Ethan is coming-of-age at the time of the film. He’s still sorting out the feelings of his first crush and is conflicted about telling his father that he doesn't want to be a farmer. It’s a relief that Strange World doesn’t opt to trivialize Ethan’s sexuality — more on this later — and make Searcher’s acceptance of it the central conflict of the film and opts for the life/career path he takes being the center of Ethan’s internal struggle because knowing Disney, it would’ve only made it all messier.

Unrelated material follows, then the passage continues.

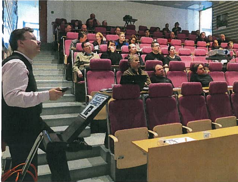
Hevosheinän viljelijät seurasivat Muhoksen Koivikon auditoriossa mielenkiinnolla laatuheinän tuotannon käytännön oppeja.

One of the bigger issues with Strange World is an inherent issue it can’t escape: it’s a Disney property. I’m all for meta humor when done well, but parts of Strange World feel too close to Indiana Jones and Star Wars (even the ecstatic way that Henry Jackman’s score crashes in during the end credits feels similar to how John Williams scores hit in Star Wars films). I’m not just saying the font of the title is close to Indiana Jones, but the adventure elements of the plot are as well. Perhaps if Disney didn’t own the rights to the characters it wouldn’t be as big of an issue. At least it’s not as bad as the cuckoo clocks in Pinocchio.


When you have a corporation like Disney afraid to alienate a certain demographic, it makes everything trickier and I’m not sure how they would have balanced making Ethan’s sexuality the focal point of this film. Strange World’s biggest issue is its checklist attempt at representation. I’m personally not one that can get offended at their representation of LGBTQ+ characters, but even from an outsider’s perspective, the character of Ethan felt like it was just a checkmark. The character himself is fine, and I liked Young-White’s performance, but we’re yet to see Disney really take a full dive into their representation instead of merely dipping their toe. I’d rather have a bold film than one that half-asses it. Frankly, more of Ethan and his love interest, Diazo (Jonathan Melo), would’ve been welcomed. We get one scene early on of them interacting, and aside from one or two mentions in the middle of the film and a shot where he speaks no lines at the end of the film, Diazo is completely absent. Hopefully, this is just the beginning of a broader range of representation because Disney has such a powerful platform that I’m confident will only continue to evolve with each film. Something is better than nothing.


Strange World is a visual masterpiece from Disney that tells an awfully familiar story. Has a Disney animated film ever looked better? I don’t think so, thus I do recommend it on the big screen. It’s not quite on the level of Raya and the Last Dragon (which Qui Nguyen co-wrote), but it’s a universally good film from the Mickey Mouse machine.